これだけ読めばOK!「益子焼」の歴史・特徴・楽しみ方完全ガイド

日常の食卓に、温もりと力強さを。

栃木県益子町で作られる「益子焼(ましこやき)」は、江戸時代末期の開窯以来、多くの人々の暮らしに寄り添い続けてきた日本を代表する陶器です。

その最大の魅力は、ぽってりとした厚みのある形と、手に取ったときに伝わる土の優しさ。
かつては水瓶やすり鉢といった「実用的な生活道具」の産地でしたが、大正から昭和にかけて人間国宝・濱田庄司がこの地を拠点としたことで、実用性と美しさを兼ね備えた「民藝(みんげい)」の代名詞へと進化を遂げました。

現在では、伝統を受け継ぐ重厚な作品から、若手作家によるカフェ風のモダンなデザインまで、約250もの窯元が多様な個性を競い合っています。

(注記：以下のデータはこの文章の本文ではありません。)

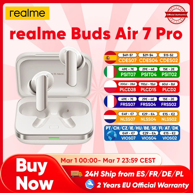 Odkryj nową jakość dźwięku z słuchawkami Realme Buds Air 7 Pro. Wyposażone w zaawansowaną technologię redukcji hałasu 53Db oraz częstotliwość 5000Hz, te słuchawki zapewniają wyjątkowe doznania audio. Dzięki Bluetooth 5.4 możesz cieszyć się stabilnym połączeniem bezprzewodowym, a ich bateria wystarcza na aż 48 godzin użytkowania. Dodatkowo, technologia Hi-Res Lhdc 5.0 gwarantuje doskonałą jakość dźwięku, a odporność na wodę i kurz IP55 sprawia, że są idealne do użytku w każdych warunkach.

この記事では、濱田庄司が惚れ込んだ益子の土の秘密から、食卓を豊かにする器の選び方、そして街全体が熱狂に包まれる「益子陶器市」の攻略法までを徹底解説。

気取らず、飾らず、それでいて使うほどに愛着がわく。
そんな「暮らしの相棒」としての益子焼の魅力を、余すことなくお届けします。

目次

歴史と特徴

1. 江戸から「民藝」へ:2つの大きな転換点

益子焼の歩みには、その性格を形作った重要な2つの時代があります。

  • 始まりは「江戸の台所」:嘉永6年(1853年)、大塚啓三郎が笠間で修行を積み、益子に窯を築いたのが始まりです。当初は江戸(東京)に近い利点を活かし、火鉢やすり鉢、土瓶といった、装飾よりも機能性を重視した「日用の道具」を大量に生産していました。
  • 「民藝」の聖地へ:1924年、陶芸界の巨匠・濱田庄司が移住したことで、益子焼の運命は劇的に変わります。「名もなき職人が作る、実用的な雑器にこそ真の美がある」という民藝運動の拠点となり、ただの道具だった益子焼は、芸術的な価値を持つ「用の美」の象徴へと昇華されました。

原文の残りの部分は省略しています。